0.1 = 0 x 1 2 + 0 x 1 4 + 0 ∗ 1 8 + 1 x 1 16 + 1 x 1 32 = 0.09375 0.1 = 0\times\frac12 + 0\times\frac14 + 0*\ FRAC18 + 1\times\frac1{16} + 1\times\ Frac1 {32} = 0.09375

  • If we want to get closer0.1So we need to keep looking. First of all
    0.1 0.09375 = 0.00625 0.1-0.09375 = 0.00625
    So we need to keep looking for something less than or equal to this number to the 2 power.
  • We find that the next two words 164\frac1{64}641 and 1128\frac1{128}1281 are both greater than 0,00625, up to 1256\frac1{256}2561 are ok.


0.1 = 0 x 1 2 + 0 x 1 4 + 0 ∗ 1 8 + 1 x 1 16 + 1 x 1 32 + 0 x 1 64 + 0 x 1 128 + 1 x 1 256 + 1 x 1 512 = 0.999609375 0.1 = 0\times\frac12 + 0\times\frac14 + 0*\ FRAC18 + 1\times\frac1{16} + 1\times\frac1{32} + 0\times\frac1{64} + 0\times\frac1{128} + 1\times\frac1{256} + 1\times\frac1{512} = 0.999609375

If we change the above formula to binary: 00110011

If we go all the way down, and we add them up, we’ll see that binary is going to loop 0011 all the time. But because IEEE754 has only 52 precision bits for double precision at most. So even if we fill all 52 bits, we can’t add up to 0.1, we can only get closer and closer. So 0.1 is bound to have at least one epsilon accuracy lost in binary. (The explanation here is learned from the video of “Code speaks” UP. Those who want to watch the video can watch it here.)

Type String

String to you is just text, you can write and read words, you can represent words and we put ‘(quotes) in our code to make it a String. But String has a few things we need to know about penetration.

First, we will introduce some knowledge about Character. A String is a String of characters. A String is a String of characters.

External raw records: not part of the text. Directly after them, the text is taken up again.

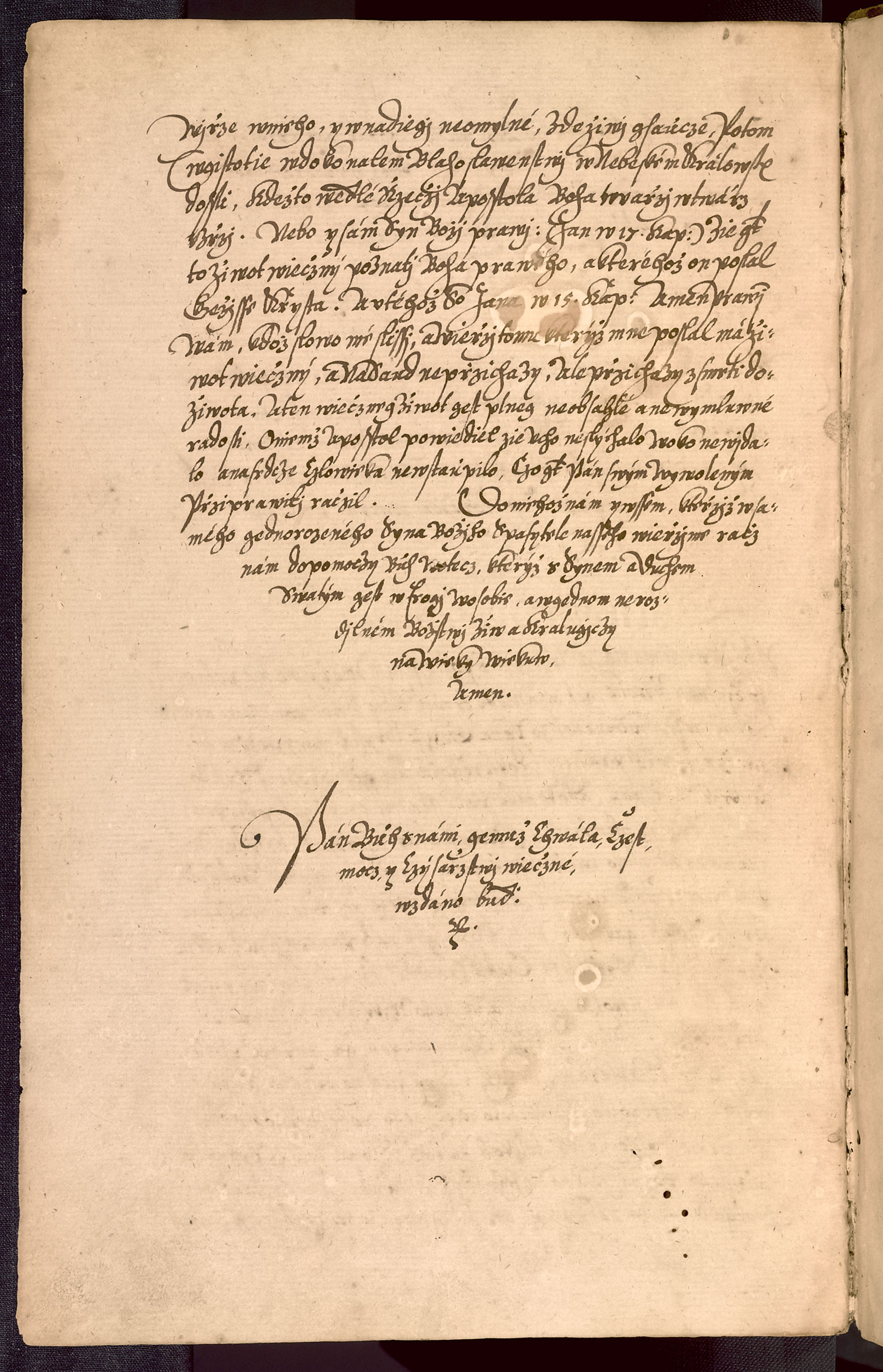 | Název | wssech Třij Stawůw Králowstwij Cžeského | z Wijry Tělo a Krew Krysta Pána pod Obogij přigijmagijcých [v Praze]. Létha Páně: M.D.Lxxxiij [= 1583] G.[iří?] D.[ačický?]. |
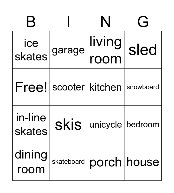 This bingo card has 16 words: skateboard, bedroom, living room, ice skates, in-line skates, garage, unicycle, porch, Free!, scooter, dining room, sled, skis, snowboard, kitchen and house.
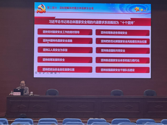陳振鋒書記在報告中從正確認識國家安全及國家安全形勢、深刻理解和把握總體國家安全觀、深入領會構建新安全格局的實踐要求三個方面內容,結合現實案例,深入淺出的講述了國家安全的重要含義、新時代我國國家安全面臨的新外延和新形勢。
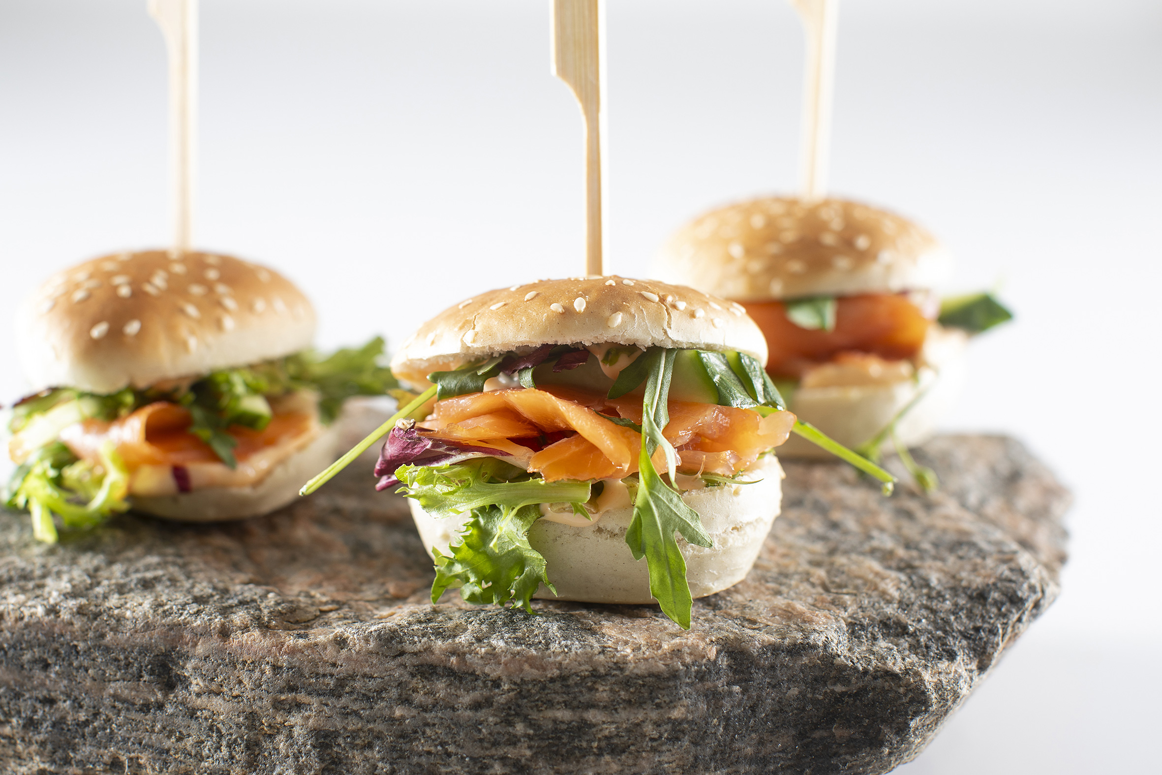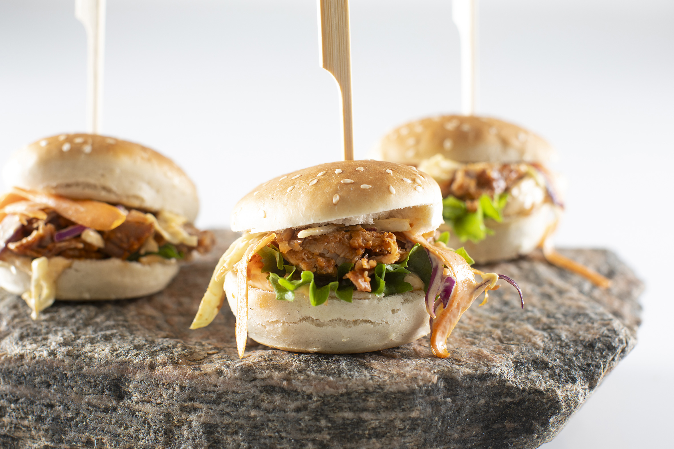 De små, lækre sliders er perfekte som et let måltid – og så kan de nydes stående.
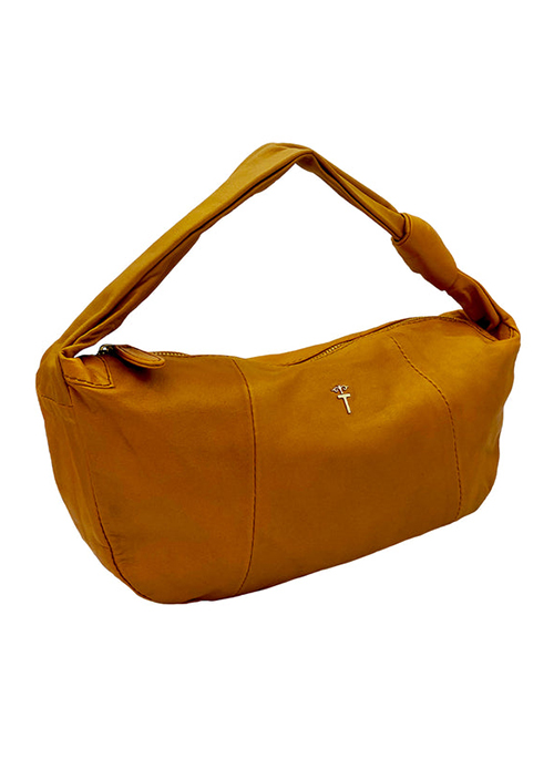 The embodiment of neo-luxury and a symbol of the renaissance, Thalie’s Pia is masterfully assembled from upcycled nappa lambskin and has a softly rounded shape with knotted handle raised at one side. Finished with Thalie’s initial, ‘T’ logo plaque, this baguette bag is minimalist and timeless and will be able to hold your essentials, such as your phone, keys and wallet.
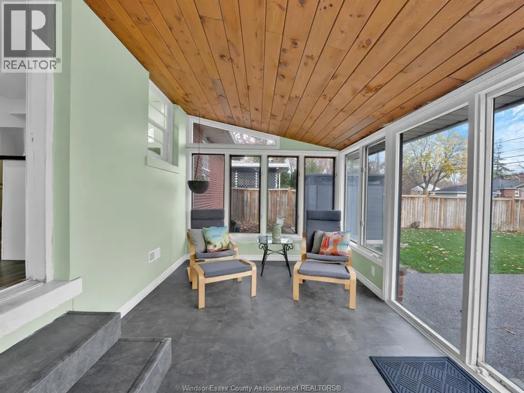 Welcome to one of South Windsorâs most sought-after streets! Nestled in a quiet, family-friendly neighbourhood surrounded by top-rated schools, parks, churches, and mosques, this solid brick ranch offers the perfect blend of comfort, convenience, and charm. Just minutes from the E.C. Row Expressway and all major amenities, this home sits on a spacious private lot with mature trees and beautifully landscaped grounds and a massive storage shed. Step inside to find a bright and inviting layout featuring 4 bedrooms and 2 bathrooms, a large eat-in kitchen filled with natural light, and a cozy living room with a gas fireplace and stunning bay window. Enjoy your morning coffee on the charming front porch, or relax year-round in the gorgeous sunroom overlooking the backyard. The fully finished basement provides additional living space, perfect for a family room, home office, or recreation area. An attached tandem garage with inside entry adds to the homeâs practicality and appeal. Solidly built and meticulously maintained, this property is ideal for families looking to settle in one of Windsorâs best communities. Donât miss your chanceâcall today for a private tour! (id:27476)
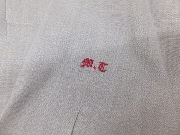 備考/目立つダメージ:袖イニシャル刺繍、汚れ

That Character is Character in English, but there is no way to represent a Character in a computer. For example, we see the letter A, Chinese characters are all the same shape, in fact, these are glyph, we think character is actually an abstract expression. Then combine the font to create a visible image.

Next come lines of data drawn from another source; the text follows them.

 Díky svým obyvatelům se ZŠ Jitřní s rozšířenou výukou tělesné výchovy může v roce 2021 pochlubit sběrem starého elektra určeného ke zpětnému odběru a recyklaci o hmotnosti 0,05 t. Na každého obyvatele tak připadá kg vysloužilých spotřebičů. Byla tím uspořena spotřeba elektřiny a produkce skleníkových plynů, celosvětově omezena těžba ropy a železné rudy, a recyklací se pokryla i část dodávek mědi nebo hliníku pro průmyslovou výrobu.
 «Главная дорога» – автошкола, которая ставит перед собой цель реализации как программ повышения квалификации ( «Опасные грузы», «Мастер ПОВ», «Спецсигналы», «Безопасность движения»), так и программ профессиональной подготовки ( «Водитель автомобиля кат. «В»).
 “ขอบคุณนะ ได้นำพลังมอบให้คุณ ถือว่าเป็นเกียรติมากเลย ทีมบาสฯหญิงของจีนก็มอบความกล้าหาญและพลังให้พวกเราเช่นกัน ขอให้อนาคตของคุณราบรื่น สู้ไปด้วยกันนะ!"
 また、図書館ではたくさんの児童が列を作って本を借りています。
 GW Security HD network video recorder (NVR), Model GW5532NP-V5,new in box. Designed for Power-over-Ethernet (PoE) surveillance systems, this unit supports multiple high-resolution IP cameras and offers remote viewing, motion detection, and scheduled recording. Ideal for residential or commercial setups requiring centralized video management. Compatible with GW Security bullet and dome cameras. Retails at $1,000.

What does a computer say about Character? It uses a Cold Point to represent Character. A Code Point isn’t anything complicated, it’s just a number. For example, if we specify that 97 stands for A, as long as we combine certain type information, we can just use 97 and the information in the font to find A and draw it on the screen.

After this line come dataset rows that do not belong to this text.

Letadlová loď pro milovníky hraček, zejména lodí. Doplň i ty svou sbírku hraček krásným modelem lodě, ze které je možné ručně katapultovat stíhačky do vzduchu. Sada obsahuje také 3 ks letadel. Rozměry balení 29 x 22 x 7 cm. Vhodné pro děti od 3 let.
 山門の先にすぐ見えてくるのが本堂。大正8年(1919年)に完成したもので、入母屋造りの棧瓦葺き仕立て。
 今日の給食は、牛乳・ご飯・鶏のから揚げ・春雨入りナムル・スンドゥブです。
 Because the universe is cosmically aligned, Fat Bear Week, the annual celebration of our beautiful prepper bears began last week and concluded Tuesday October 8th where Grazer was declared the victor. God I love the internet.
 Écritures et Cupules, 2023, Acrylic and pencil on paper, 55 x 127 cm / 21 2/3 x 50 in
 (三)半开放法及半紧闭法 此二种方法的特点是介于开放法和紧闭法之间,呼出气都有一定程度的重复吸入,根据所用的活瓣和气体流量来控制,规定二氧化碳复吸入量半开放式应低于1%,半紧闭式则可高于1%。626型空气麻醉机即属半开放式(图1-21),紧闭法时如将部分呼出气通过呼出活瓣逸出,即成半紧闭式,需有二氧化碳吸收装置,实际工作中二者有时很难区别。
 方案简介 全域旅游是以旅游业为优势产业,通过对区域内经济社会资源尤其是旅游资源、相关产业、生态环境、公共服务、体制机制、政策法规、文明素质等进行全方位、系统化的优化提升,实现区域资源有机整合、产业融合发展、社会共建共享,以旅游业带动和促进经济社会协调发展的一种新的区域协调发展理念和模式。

So the question is, how does the computer store the number 97? We all know that the basic unit of storage in a computer is the byte. Numbers and English only need one byte to store, but Chinese one byte is not enough. To understand String, we need to understand Character, Code Point, and Encoding.

Character Set (String)

Here we discuss the origin and characteristics of these character sets.

  • ASCII
    • Most of you know the ASCII concept
    • In the early years it was missing because the number of characters was small, so we all called the character encoding ASCII
    • But that’s not true. ASCII only has 127 characters
    • These 127 characters are the 127 most commonly used characters in computers, including 26 uppercase, 26 lowercase letters, 0-9 digits, various tabs, special characters, newlines, and control characters. A total of 127 characters are used, so 0-127 is used
    • The ASCII character set was first developed by computers in the United States, so only English was taken care of
  • Unicode
    • Unicode is the later standard that brings together all the characters of the world into one big collection
    • So it’s also called the federated code set.
    • The number of Unicode characters is huge and then divided into blocks, each of which is divided into characters and fonts from different countries
    • In the early days, it was thought that between 0000 and FFFF, the equivalent of two bytes, was enough, but it turned out not to be enough
    • So this creates some design problems as well
  • UCS
    • UCS came about when Unicode was combined with another standardization organization
    • UCS also has a character set ranging from 0000 to FFFF
  • GB (National standard) — The National standard has gone through several generations
    • There are several versions of gbGB2312,GBK(GB3000),GB18030
    • GB2312 is the first version of the NATIONAL standard, is also widely used by a version.
    • GBK is later launched the expansion version, GBK was also thought enough
    • Later, there was a complete version calledGB18030This fills up all the missing characters
    • The character code point in gb is inconsistent with the character point in Unicode
    • But almost every code in the world is ASCII compatible
    • GB scope is relatively small, and Unicode compared to the same group of Chinese, with GB coding than Unicode to save space
  • ISO-8859
    • Similar to the GB, some Eastern European countries designed their own languages with ASCII extensions like GB
    • The 8859 series is ASCII compatible, but incompatible, so it is not a uniform standard
    • And our country did not push it into ISO, so there is no Chinese version in ISO
  • BIG5
    • BIG5 is similar to gb, is commonly used in Taiwan is BIG5, commonly known as big five
    • When we were kids and people didn’t use Unicode, we found that Taiwanese games were unplayable and all the text was garbled
    • This is because they use big five to represent characters
    • Iso-8859 series and BIG5 series of special properties like, are belonging to a certain national language specific coding format
    • But their code points are repeated, so it is incompatible, so there will be garbled code, need to switch the code to see the text normally

Character Encoding

Because the ASCII character set itself is at most one byte, its encoding is exactly the same as the code point, and there is no way to make coding units smaller than one byte. So ASCII doesn’t have an encoding problem, but GB and Unicode do. Because Unicode combines characters from each country, there are a number of different encodings.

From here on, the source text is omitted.